- [TASK DIRECTIONS]:
In the records below, find the line with "Wielostronicowa pamiątka ślubna", then retype it and every following line exactly, stopping after the line with "4547 IF GM ////". Leave the pictures out.

- [STUDY MATERIAL]:
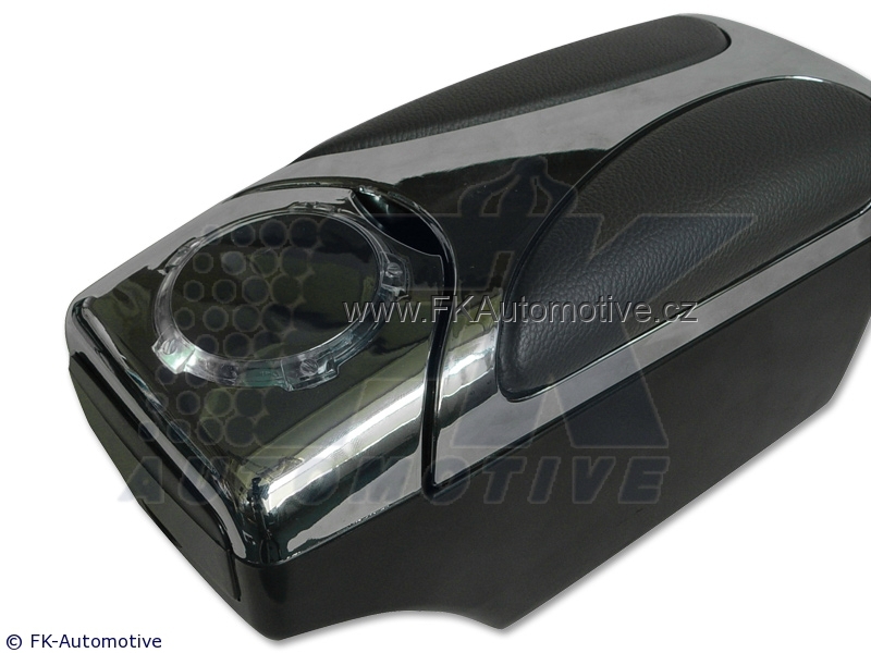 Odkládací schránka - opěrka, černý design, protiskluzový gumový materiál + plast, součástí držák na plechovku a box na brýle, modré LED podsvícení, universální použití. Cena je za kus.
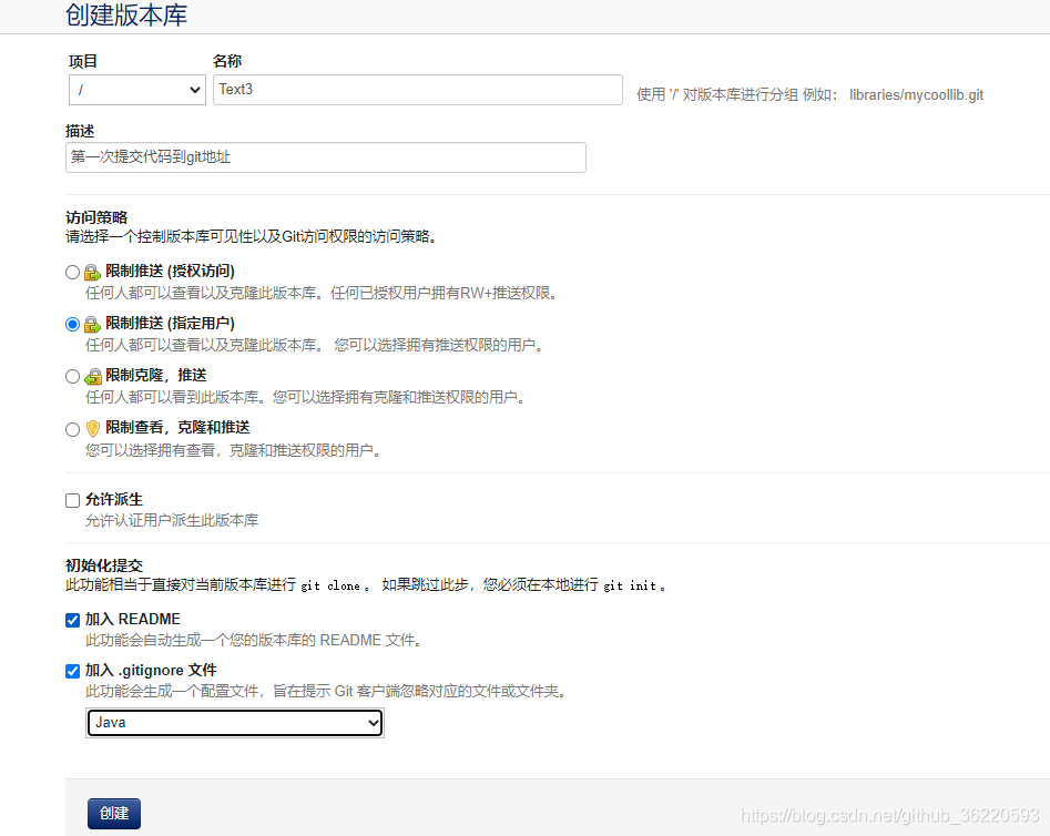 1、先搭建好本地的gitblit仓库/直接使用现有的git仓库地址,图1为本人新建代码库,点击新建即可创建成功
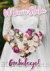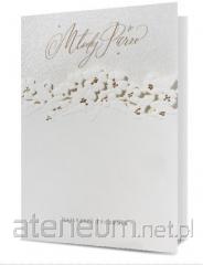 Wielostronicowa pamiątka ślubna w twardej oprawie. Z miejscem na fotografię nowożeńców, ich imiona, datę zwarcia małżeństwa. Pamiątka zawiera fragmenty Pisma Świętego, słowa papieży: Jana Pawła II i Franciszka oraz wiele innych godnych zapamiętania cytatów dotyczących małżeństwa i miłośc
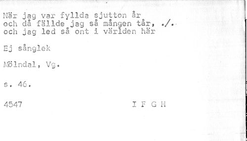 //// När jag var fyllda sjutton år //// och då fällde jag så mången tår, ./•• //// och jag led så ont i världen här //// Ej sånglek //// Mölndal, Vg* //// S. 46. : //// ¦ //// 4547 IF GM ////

--

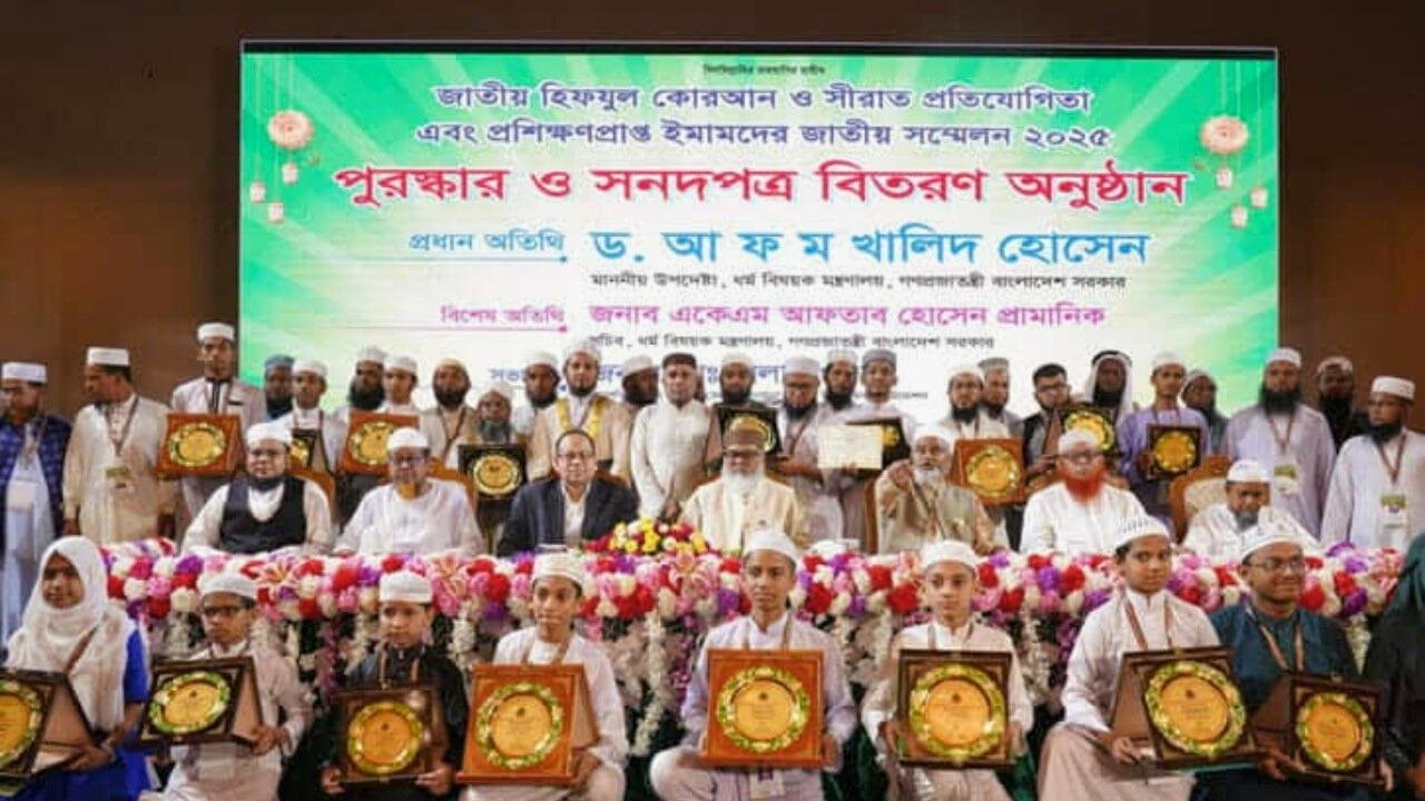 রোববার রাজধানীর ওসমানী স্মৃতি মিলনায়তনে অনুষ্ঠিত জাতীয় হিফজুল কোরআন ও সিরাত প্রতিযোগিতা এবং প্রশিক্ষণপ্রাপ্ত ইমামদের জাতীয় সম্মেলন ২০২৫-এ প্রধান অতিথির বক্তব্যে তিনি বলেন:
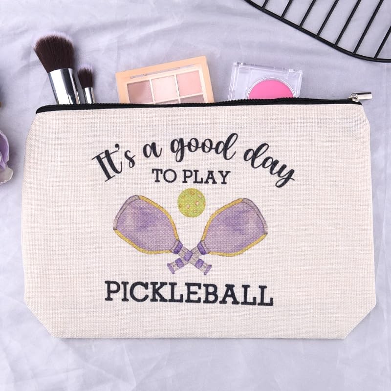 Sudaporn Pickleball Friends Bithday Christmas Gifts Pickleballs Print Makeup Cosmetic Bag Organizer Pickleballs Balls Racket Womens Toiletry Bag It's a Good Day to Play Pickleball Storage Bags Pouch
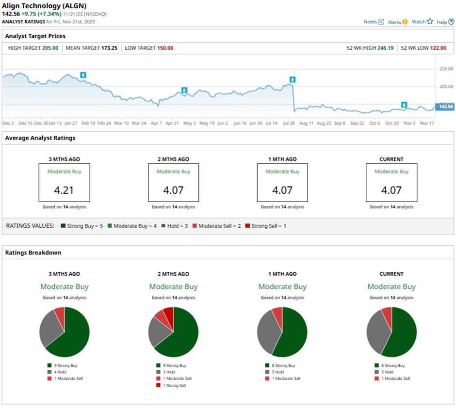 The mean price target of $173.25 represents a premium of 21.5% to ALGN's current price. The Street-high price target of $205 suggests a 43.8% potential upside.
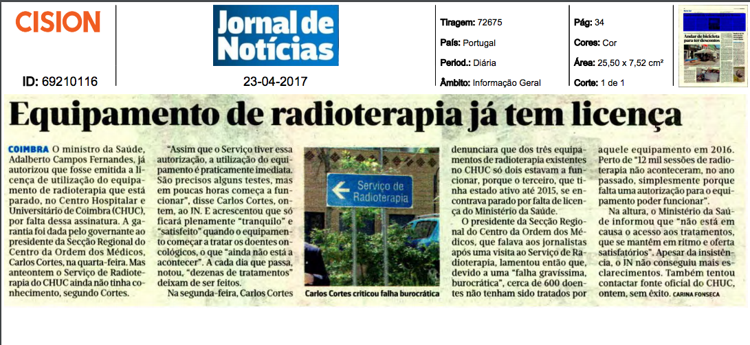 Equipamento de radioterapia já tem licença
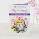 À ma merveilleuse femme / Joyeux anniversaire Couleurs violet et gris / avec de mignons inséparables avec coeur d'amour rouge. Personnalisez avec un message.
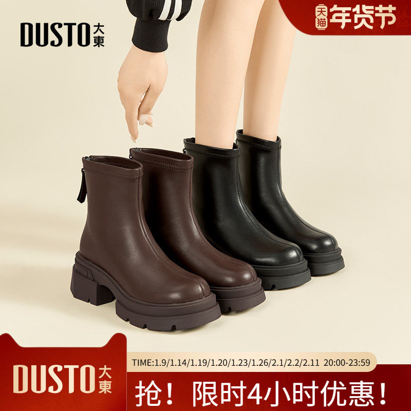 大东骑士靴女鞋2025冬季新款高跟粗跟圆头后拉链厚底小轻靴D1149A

* * *

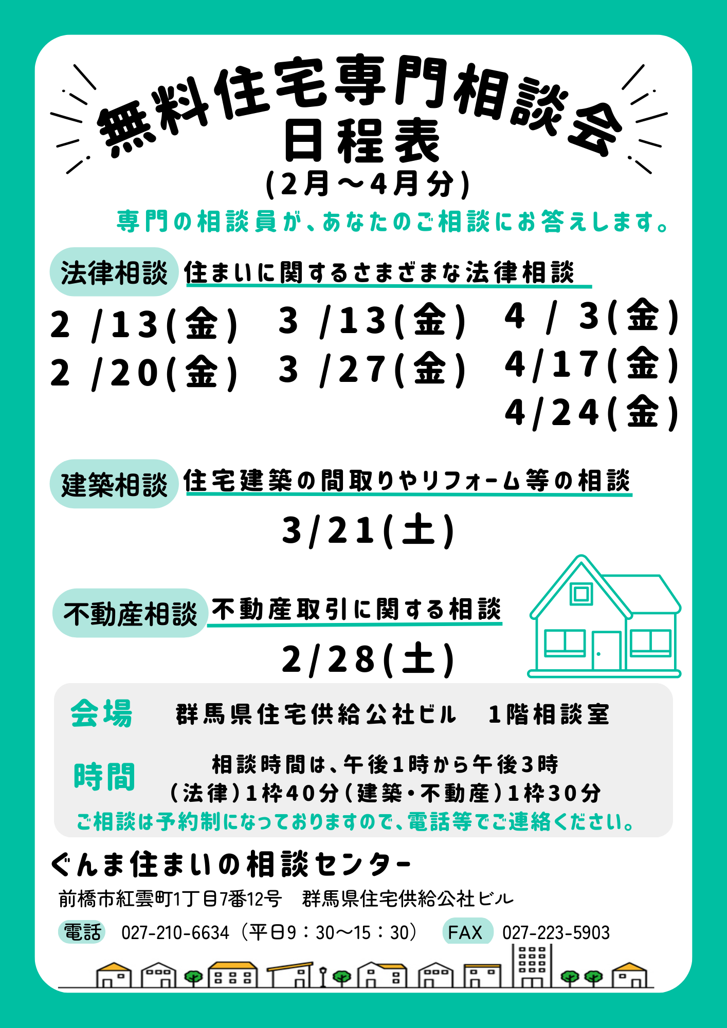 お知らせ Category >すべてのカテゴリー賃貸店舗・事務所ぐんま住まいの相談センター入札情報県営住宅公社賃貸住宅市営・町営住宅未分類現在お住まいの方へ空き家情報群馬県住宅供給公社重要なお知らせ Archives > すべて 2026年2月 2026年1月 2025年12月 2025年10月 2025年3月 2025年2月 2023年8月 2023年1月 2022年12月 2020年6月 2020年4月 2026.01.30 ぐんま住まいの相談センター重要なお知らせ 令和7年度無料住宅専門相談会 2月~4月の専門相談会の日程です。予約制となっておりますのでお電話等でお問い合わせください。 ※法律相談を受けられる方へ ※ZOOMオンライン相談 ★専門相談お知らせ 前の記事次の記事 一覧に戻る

- [YOUR SOLUTION]:
 Wielostronicowa pamiątka ślubna w twardej oprawie. Z miejscem na fotografię nowożeńców, ich imiona, datę zwarcia małżeństwa. Pamiątka zawiera fragmenty Pisma Świętego, słowa papieży: Jana Pawła II i Franciszka oraz wiele innych godnych zapamiętania cytatów dotyczących małżeństwa i miłośc
 //// När jag var fyllda sjutton år //// och då fällde jag så mången tår, ./•• //// och jag led så ont i världen här //// Ej sånglek //// Mölndal, Vg* //// S. 46. : //// ¦ //// 4547 IF GM ////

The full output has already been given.